Activity –
Do not repeat pictures. Repeat exactly the lines of the listing below from its first line through the line with "公安学院宣讲人姚朵朵通过分享".

Supplied data –

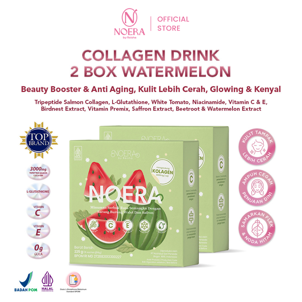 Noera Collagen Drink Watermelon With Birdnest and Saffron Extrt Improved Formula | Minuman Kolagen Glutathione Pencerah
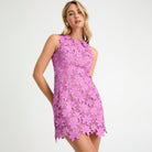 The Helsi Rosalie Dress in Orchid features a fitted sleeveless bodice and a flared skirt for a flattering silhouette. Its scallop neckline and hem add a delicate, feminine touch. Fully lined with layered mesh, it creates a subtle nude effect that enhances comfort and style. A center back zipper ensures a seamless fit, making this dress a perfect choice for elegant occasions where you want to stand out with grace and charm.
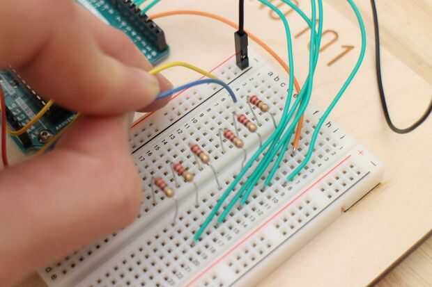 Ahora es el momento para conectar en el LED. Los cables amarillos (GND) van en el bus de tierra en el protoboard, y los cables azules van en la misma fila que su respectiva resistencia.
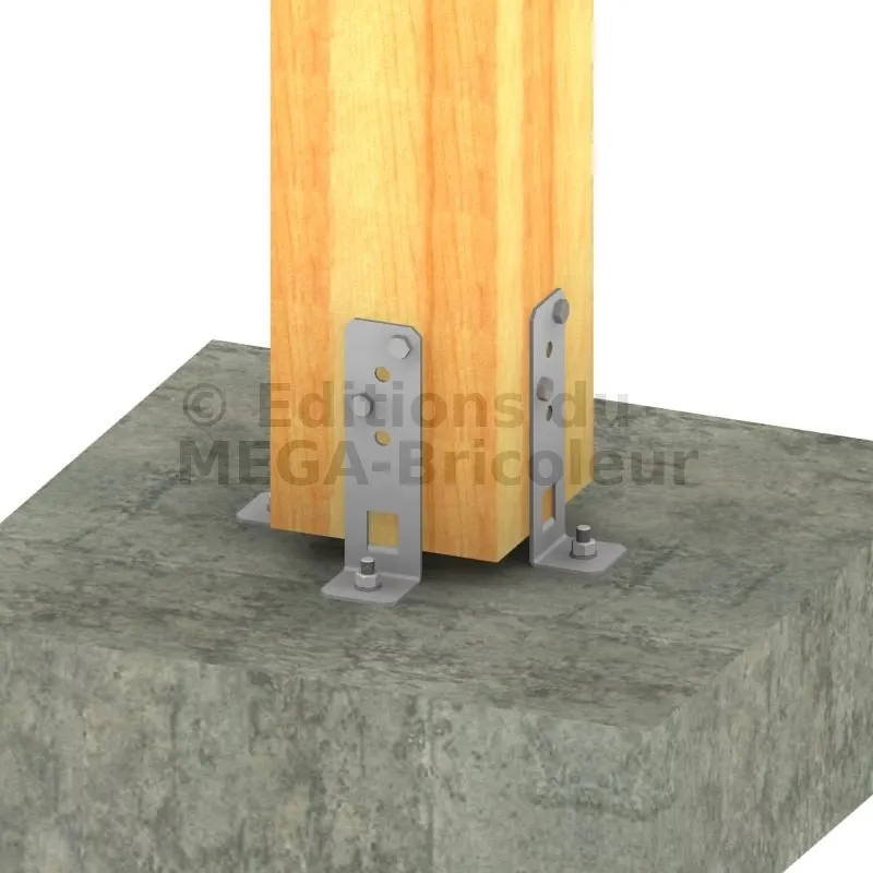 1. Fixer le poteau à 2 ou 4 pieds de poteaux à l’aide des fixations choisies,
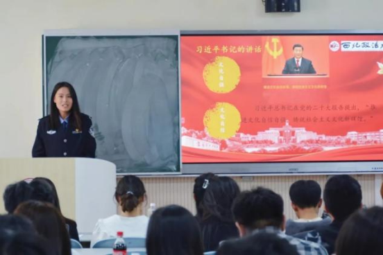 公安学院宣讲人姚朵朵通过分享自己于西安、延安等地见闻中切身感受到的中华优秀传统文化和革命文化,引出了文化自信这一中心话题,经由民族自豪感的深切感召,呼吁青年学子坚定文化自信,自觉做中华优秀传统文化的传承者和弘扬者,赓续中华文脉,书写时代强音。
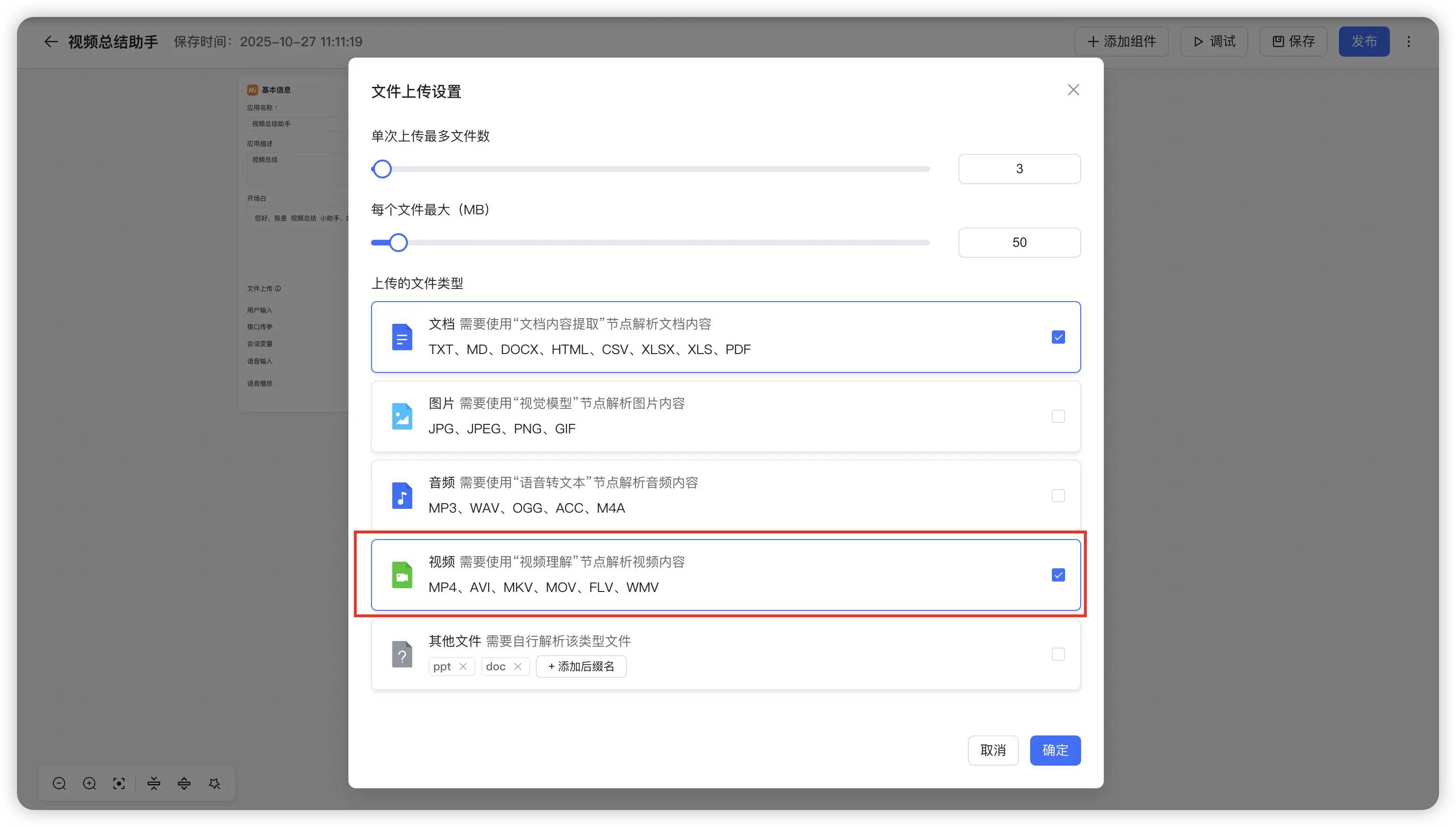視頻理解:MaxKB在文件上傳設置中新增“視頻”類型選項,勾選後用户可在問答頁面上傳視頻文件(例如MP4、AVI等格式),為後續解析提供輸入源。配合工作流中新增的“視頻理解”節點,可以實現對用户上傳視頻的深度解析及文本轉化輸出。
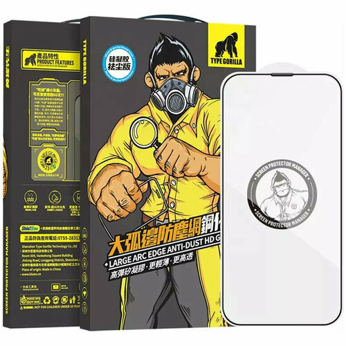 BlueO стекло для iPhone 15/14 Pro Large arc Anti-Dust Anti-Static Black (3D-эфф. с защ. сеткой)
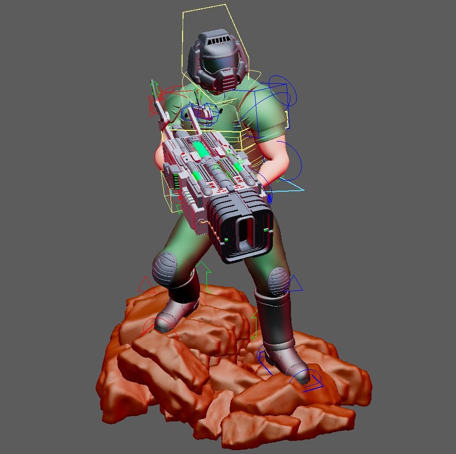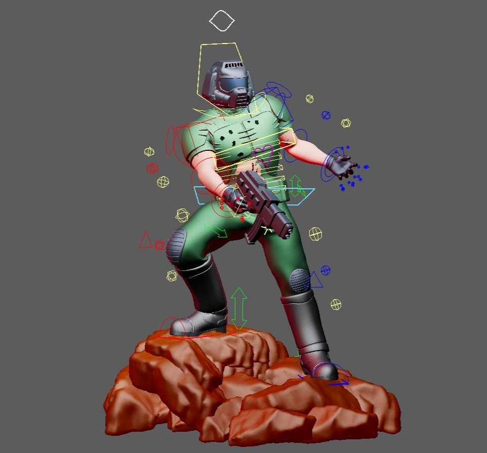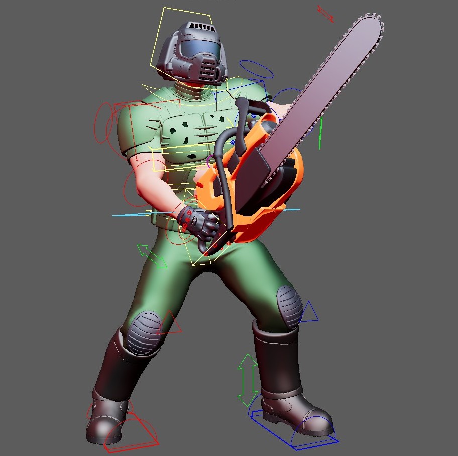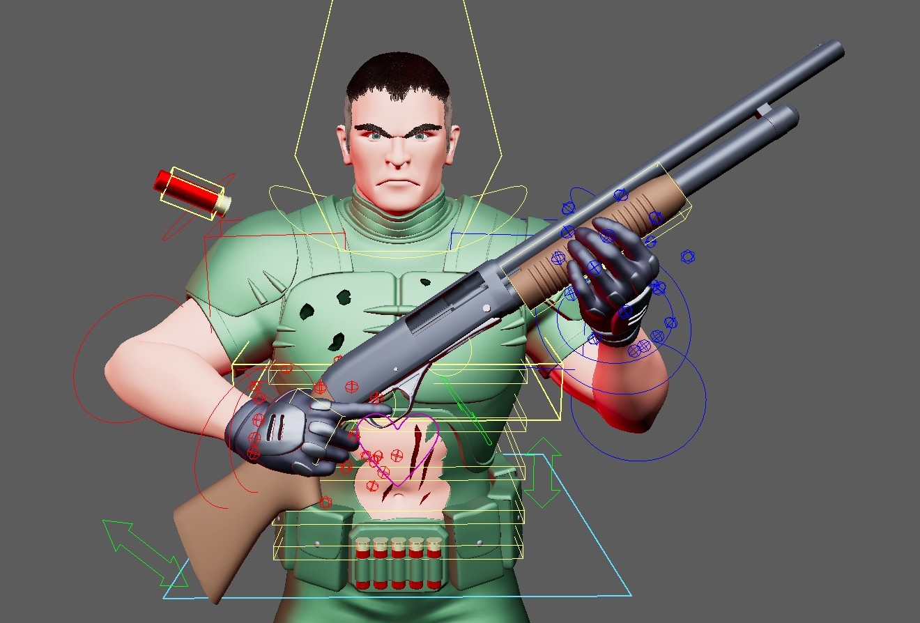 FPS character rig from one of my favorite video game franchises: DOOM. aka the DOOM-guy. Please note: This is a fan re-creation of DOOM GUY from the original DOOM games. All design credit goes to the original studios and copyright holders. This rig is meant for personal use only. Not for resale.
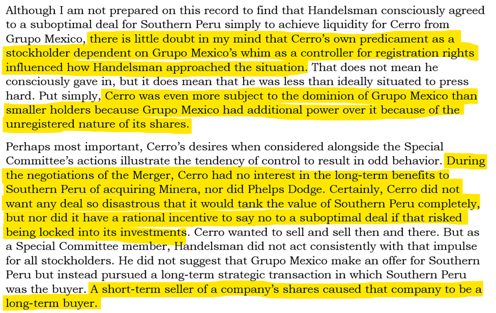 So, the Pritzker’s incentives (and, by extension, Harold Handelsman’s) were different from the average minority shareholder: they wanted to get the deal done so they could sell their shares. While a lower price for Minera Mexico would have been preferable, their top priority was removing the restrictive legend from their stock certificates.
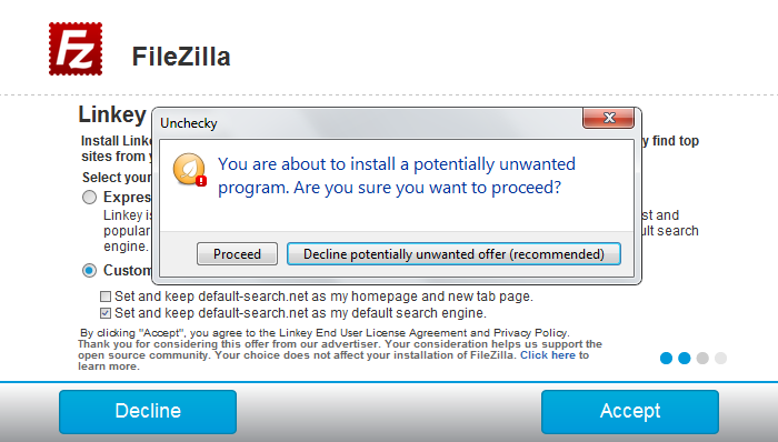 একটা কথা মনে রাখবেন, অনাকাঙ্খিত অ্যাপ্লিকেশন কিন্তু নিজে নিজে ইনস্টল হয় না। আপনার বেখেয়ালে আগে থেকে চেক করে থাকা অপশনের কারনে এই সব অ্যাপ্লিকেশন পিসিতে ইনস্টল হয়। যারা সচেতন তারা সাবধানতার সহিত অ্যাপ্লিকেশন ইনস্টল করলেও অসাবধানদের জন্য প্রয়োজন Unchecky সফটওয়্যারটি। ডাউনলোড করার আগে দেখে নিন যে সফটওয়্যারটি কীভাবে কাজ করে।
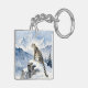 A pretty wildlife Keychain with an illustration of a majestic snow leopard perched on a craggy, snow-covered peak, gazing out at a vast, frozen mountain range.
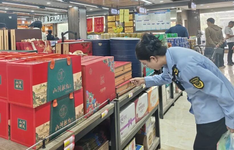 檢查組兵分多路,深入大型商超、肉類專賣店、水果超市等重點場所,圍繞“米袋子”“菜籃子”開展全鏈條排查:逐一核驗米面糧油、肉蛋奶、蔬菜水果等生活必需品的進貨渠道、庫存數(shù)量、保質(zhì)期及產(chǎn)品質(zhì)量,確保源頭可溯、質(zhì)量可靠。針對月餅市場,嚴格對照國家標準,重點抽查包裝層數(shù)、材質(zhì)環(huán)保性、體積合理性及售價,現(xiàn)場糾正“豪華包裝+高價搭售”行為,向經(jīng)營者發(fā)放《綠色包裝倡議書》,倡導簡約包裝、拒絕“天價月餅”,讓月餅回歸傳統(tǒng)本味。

Exercise result –
 Noera Collagen Drink Watermelon With Birdnest and Saffron Extrt Improved Formula | Minuman Kolagen Glutathione Pencerah
 The Helsi Rosalie Dress in Orchid features a fitted sleeveless bodice and a flared skirt for a flattering silhouette. Its scallop neckline and hem add a delicate, feminine touch. Fully lined with layered mesh, it creates a subtle nude effect that enhances comfort and style. A center back zipper ensures a seamless fit, making this dress a perfect choice for elegant occasions where you want to stand out with grace and charm.
 Ahora es el momento para conectar en el LED. Los cables amarillos (GND) van en el bus de tierra en el protoboard, y los cables azules van en la misma fila que su respectiva resistencia.
 1. Fixer le poteau à 2 ou 4 pieds de poteaux à l’aide des fixations choisies,
 公安学院宣讲人姚朵朵通过分享自己于西安、延安等地见闻中切身感受到的中华优秀传统文化和革命文化,引出了文化自信这一中心话题,经由民族自豪感的深切感召,呼吁青年学子坚定文化自信,自觉做中华优秀传统文化的传承者和弘扬者,赓续中华文脉,书写时代强音。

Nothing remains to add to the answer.